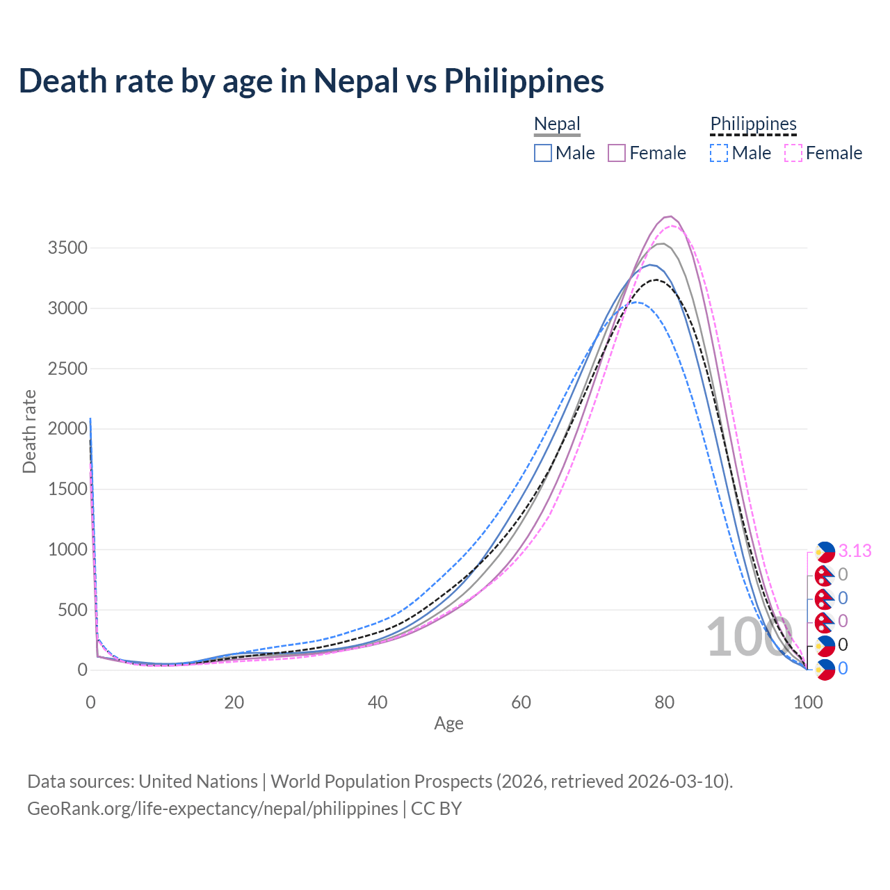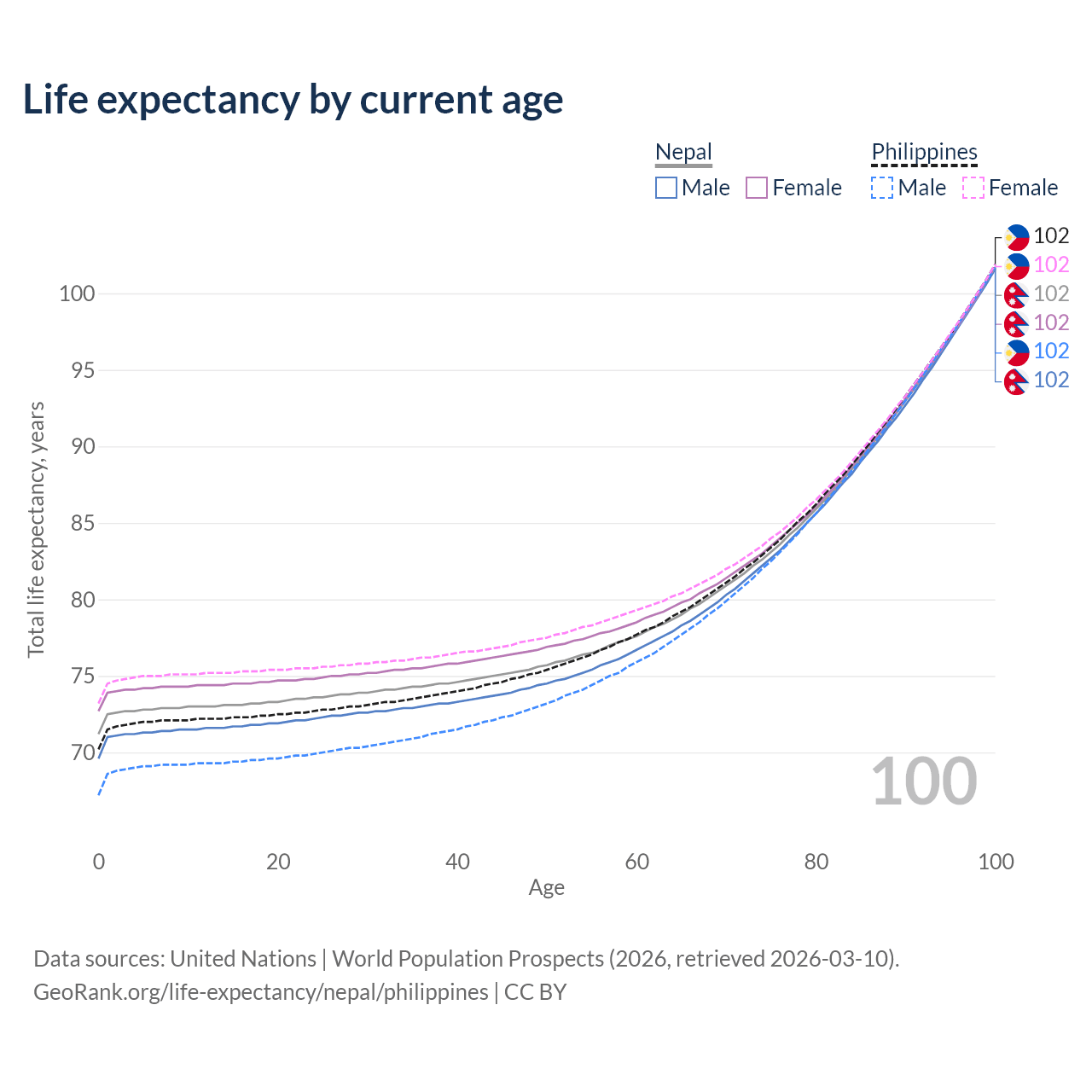 This life expectancy calculator shows the odds of living to 100, 95, 90, and below based on current age for both males and females in Nepal and the Philippines, along with mean and median age of death. The calculations are based on the 2026 life tables (actuarial tables) from the UN World Population Prospects.
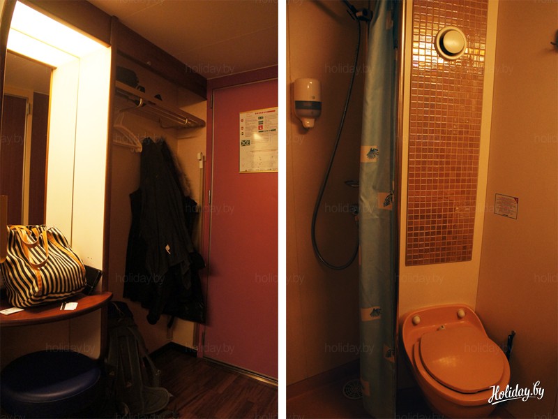 По внешнему виду она похожа на большое купе поезда, кровати только побольше, полуторные. Даже вдвоем спать на одной кровати при желании можно. Правда, не очень удобно, т.к. рискуете быть вдавленным в стену своим другом по постельному месту. По поводу антиаллергенности – каюта отличается от обычной лишь каким-то, как пишут на сайтах, специальным напольное покрытием.
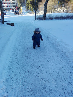 Haalarilla on kokoa, mutta ei se mikään hullun iso ole, vaikka 92cm onkin! Hyvin sillä alkaa jo kävelykin sujumaan 🙂 Olemme nyt ulkoilleet pari päivää Kuomissa, vaikka en niitä parhaimpina pidäkään jalalle.. Mutta ne ovat pitäneet nyt varpaaat lämpimänä ja se lienee se tärkein asia tässä kohti!
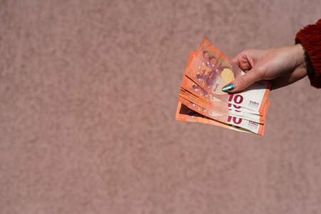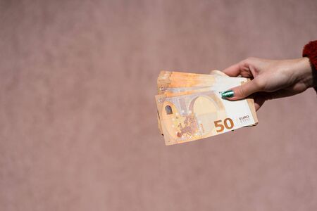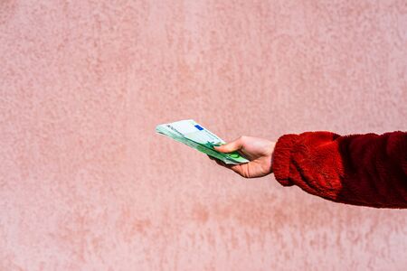 woman hands giving money like a bribe or tips. Holding EURO banknotes on a blurred background, EU currency
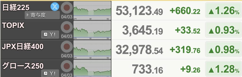 日経平均は最終的に660円高の53,123円で大引けとなり、TOPIXは33ポイント高の3,645となりました。グロース250は9ポイント高の733で引けています。
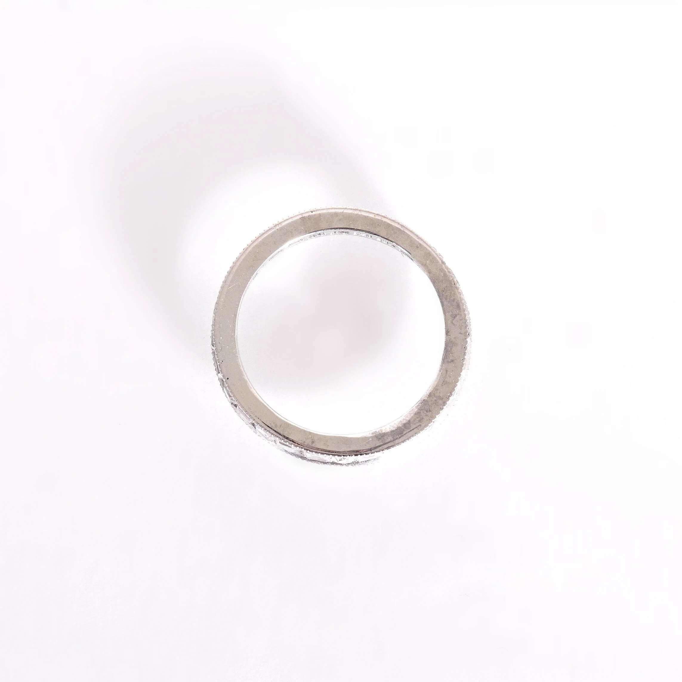 Substantial! Our Art Deco platinum and diamond eternity band is one that can not be ignored! Step cut diamonds at a total of 1.55 carats trail around the entirety of the band shimmering away like nobody's business. If we sound excited about this antique treasure, it's because we are! Hope you are a ring size 4.75, and if you are it's your lucky day!
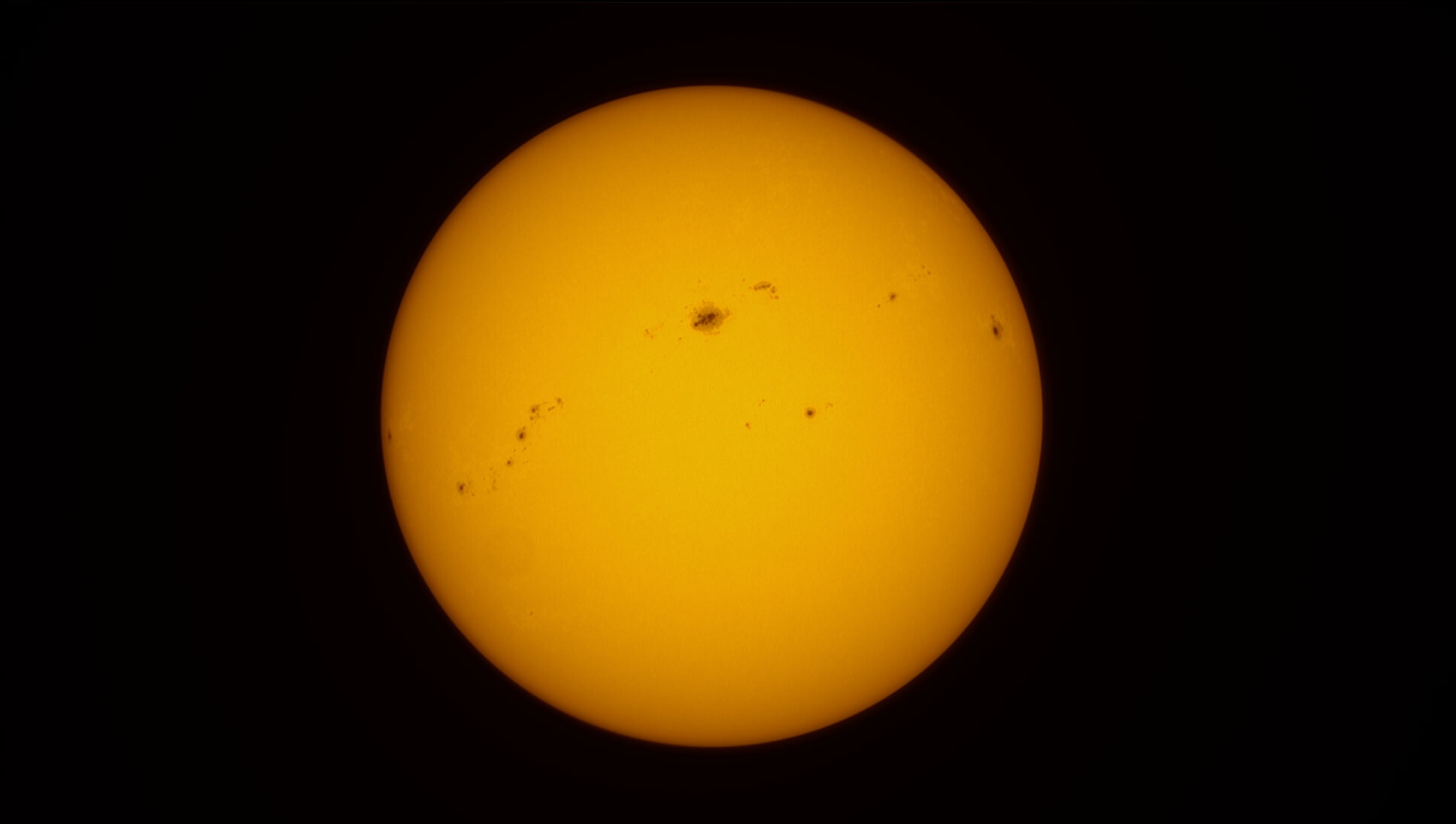 White light image of the Sun taken on August 9, 2024, In the image you can see several complex sunspot regions. Image credit: Randy Harrison from River Bend Astronomy Club and Lookin’ Up Optics.
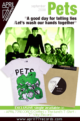 April77 Records在昨日發行的瑞典團Pets 'A good day for telling lies / Let's wash our hands together',同樣是9月要注目的焦點,買7"+T Shirt一直都是April77 Records這新廠牌的宣傳手法,另外只要是買April77 Records的服飾(非April77)都可憑吊牌上所附的序號前往April77 Records網站裡下載當月發行的7"中的兩首歌,接下來10月要發行的Project:KOMAKINO則是自己很矚目的UK新團,Project:KOMAKINO的Black T一定要購入。
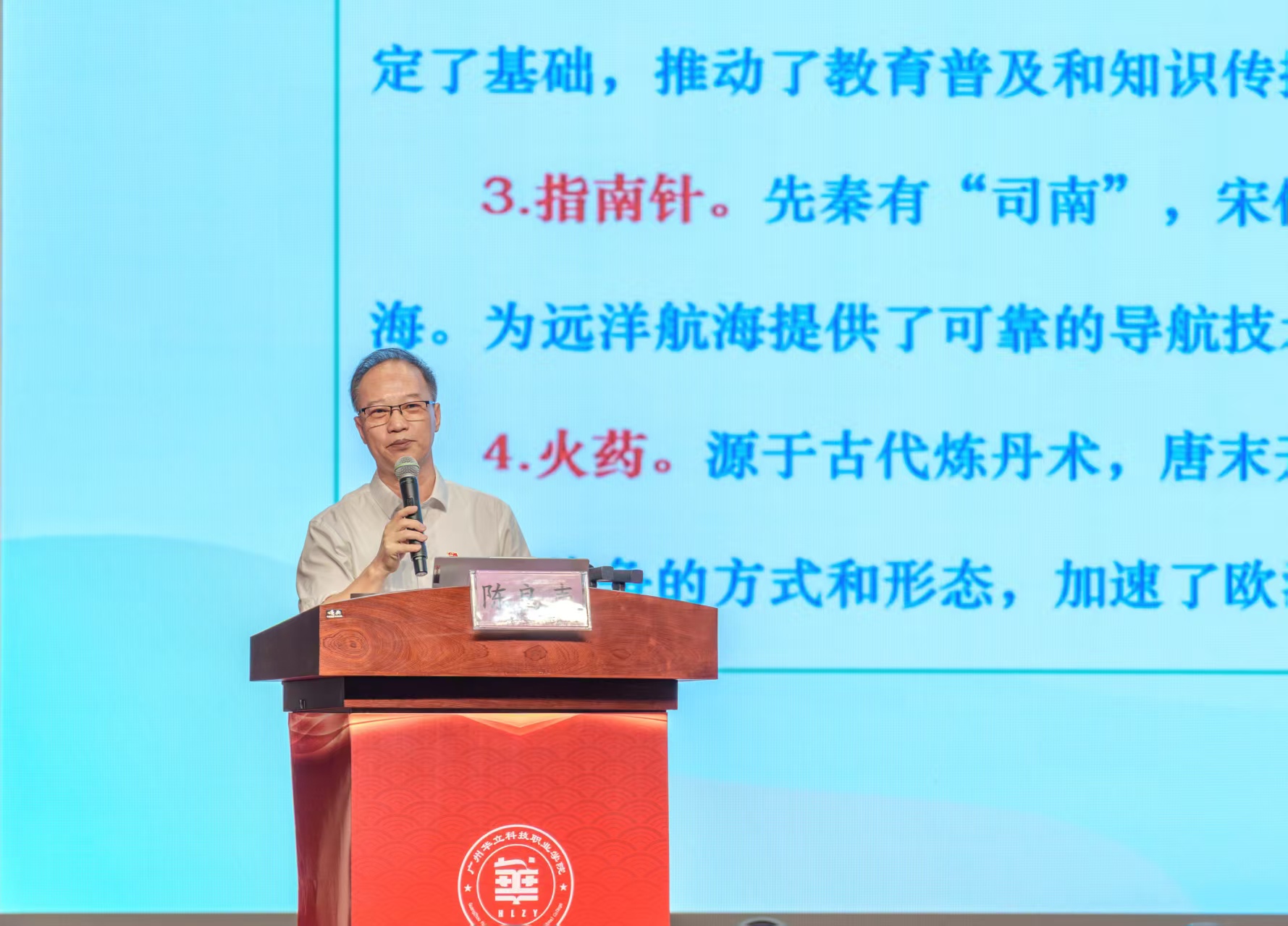 隨后,陳良聲通過一系列詳實的數(shù)據(jù)和生動的案例,全景式展現(xiàn)了我國近年來在科技創(chuàng)新方面所取得了舉世矚目的突破。從“嫦娥”探月、“天問”探火到“北斗”導(dǎo)航,深邃太空一次次留下中國印記;從“奮斗者”號萬米深潛到中國芯片快速崛起,重大工程實現(xiàn)歷史性跨越;從量子計算研究到人工智能、數(shù)字經(jīng)濟蓬勃發(fā)展,前沿領(lǐng)域開始進入并跑、領(lǐng)跑階段;5G技術(shù)、高鐵技術(shù)構(gòu)建起亮麗的“國家名片”;東風(fēng)-61亮相今年九三閱兵、陸海空基組成的“三位一體”戰(zhàn)略核打擊力首次完整公開展示。“我國科技實力正在從量的積累邁向質(zhì)的飛躍,從點的突破邁向系統(tǒng)能力提升,科技創(chuàng)新取得歷史性成就、發(fā)生歷史性變革,中國的科技創(chuàng)新不斷突破了人們的想象。”陳良聲充滿自信的敘述,激發(fā)了在場師生的強烈共鳴與無比自豪。
▬▬▬▬▬▬
The output should hold only the lines from the one containing "woman hands giving" through the last line of the listing, reproduced exactly, pictures omitted.

ANSWER SECTION
 woman hands giving money like a bribe or tips. Holding EURO banknotes on a blurred background, EU currency
 日経平均は最終的に660円高の53,123円で大引けとなり、TOPIXは33ポイント高の3,645となりました。グロース250は9ポイント高の733で引けています。
 Substantial! Our Art Deco platinum and diamond eternity band is one that can not be ignored! Step cut diamonds at a total of 1.55 carats trail around the entirety of the band shimmering away like nobody's business. If we sound excited about this antique treasure, it's because we are! Hope you are a ring size 4.75, and if you are it's your lucky day!
 White light image of the Sun taken on August 9, 2024, In the image you can see several complex sunspot regions. Image credit: Randy Harrison from River Bend Astronomy Club and Lookin’ Up Optics.
 April77 Records在昨日發行的瑞典團Pets 'A good day for telling lies / Let's wash our hands together',同樣是9月要注目的焦點,買7"+T Shirt一直都是April77 Records這新廠牌的宣傳手法,另外只要是買April77 Records的服飾(非April77)都可憑吊牌上所附的序號前往April77 Records網站裡下載當月發行的7"中的兩首歌,接下來10月要發行的Project:KOMAKINO則是自己很矚目的UK新團,Project:KOMAKINO的Black T一定要購入。
 隨后,陳良聲通過一系列詳實的數(shù)據(jù)和生動的案例,全景式展現(xiàn)了我國近年來在科技創(chuàng)新方面所取得了舉世矚目的突破。從“嫦娥”探月、“天問”探火到“北斗”導(dǎo)航,深邃太空一次次留下中國印記;從“奮斗者”號萬米深潛到中國芯片快速崛起,重大工程實現(xiàn)歷史性跨越;從量子計算研究到人工智能、數(shù)字經(jīng)濟蓬勃發(fā)展,前沿領(lǐng)域開始進入并跑、領(lǐng)跑階段;5G技術(shù)、高鐵技術(shù)構(gòu)建起亮麗的“國家名片”;東風(fēng)-61亮相今年九三閱兵、陸海空基組成的“三位一體”戰(zhàn)略核打擊力首次完整公開展示。“我國科技實力正在從量的積累邁向質(zhì)的飛躍,從點的突破邁向系統(tǒng)能力提升,科技創(chuàng)新取得歷史性成就、發(fā)生歷史性變革,中國的科技創(chuàng)新不斷突破了人們的想象。”陳良聲充滿自信的敘述,激發(fā)了在場師生的強烈共鳴與無比自豪。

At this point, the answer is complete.